In the semiconductor industry, systems for transporting wafers between process locations in a sputtering system are well known. Typically circular silicon wafers of various diameters are moved between positions at which metallic coatings are sputtered onto the wafer or at which etching occurs. This process takes place in a vacuum chamber in order to eliminate contamination of the wafer surface. The goal of all such transport systems is to move the wafer from one process location to another.
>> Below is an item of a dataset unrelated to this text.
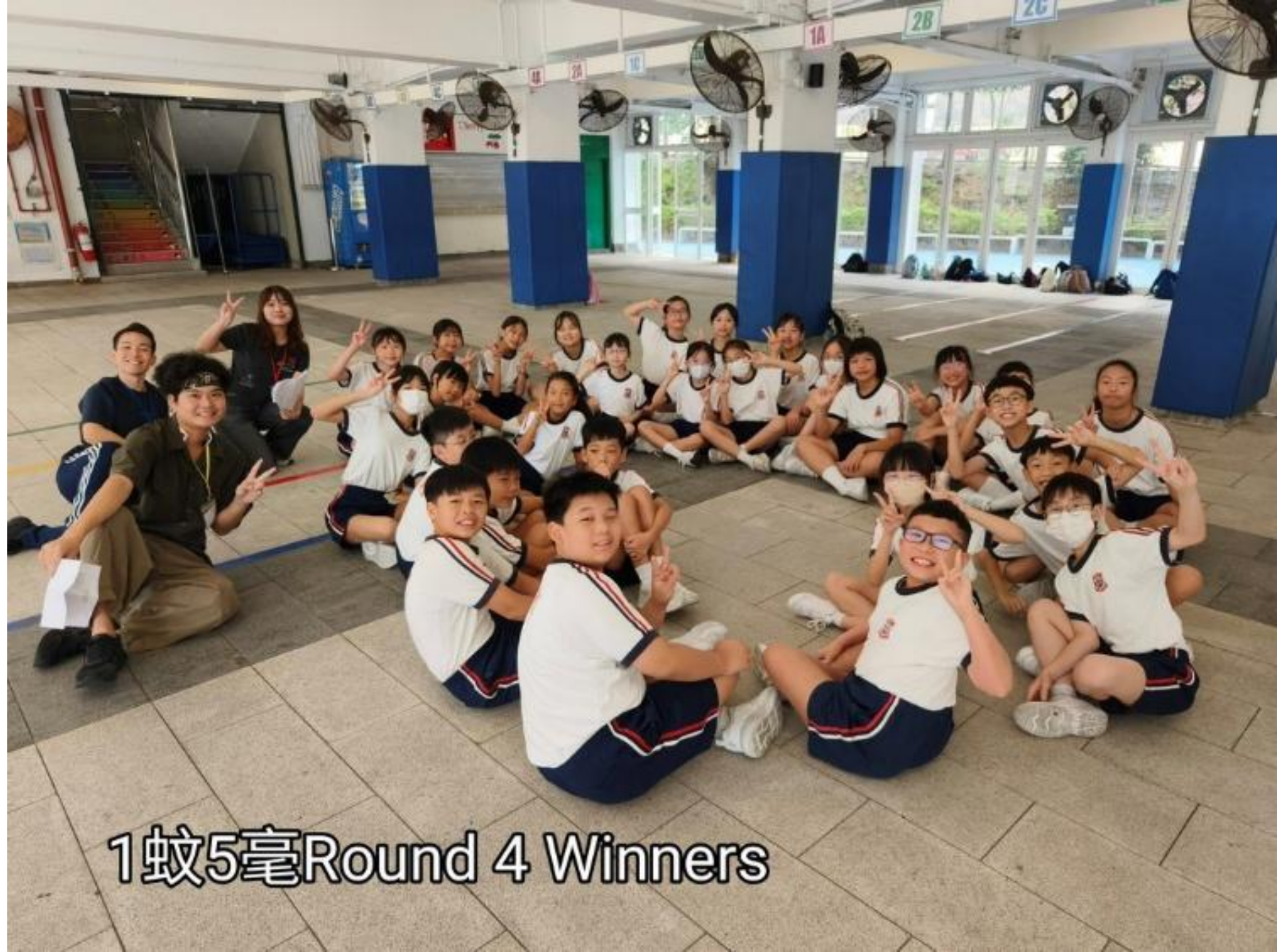
1蚊5毫Round 4 Winners

The transport system within the vacuum chamber can include shuttles to move wafers horizontally and elevators to move wafers vertically. The motion of such shuttles and elevators must be coordinated in order to deliver the wafer from shuttle to elevator or elevator to shuttle. In order to increase the efficiency and volume of output of wafer processing systems, sputtering systems are often designed to process multiple wafers at the same time. Such multiple wafer systems often require moving a shuttle past an internal station where a wafer is being processed without interferring.
Shuttles which pass wafers along a track in a horizontal position are often used with elevators which lift the wafer from the shuttle through a hole in the center of the shuttle. These transport systems have the disadvantage that the shuttle cannot be moved while the elevator is up. Only after the elevator has returned the wafer to the shuttle and withdrawn from the center of the shuttle can the shuttle move.
The objects of this invention then are to describe an elevator and shuttle suitable for lifting a workpiece from a shuttle while permitting the shuttle to move while the elevator is in the up position, to make such an apparatus simple, rugged and inexpensive to manufacture, and to provide firm support for the wafer at all times.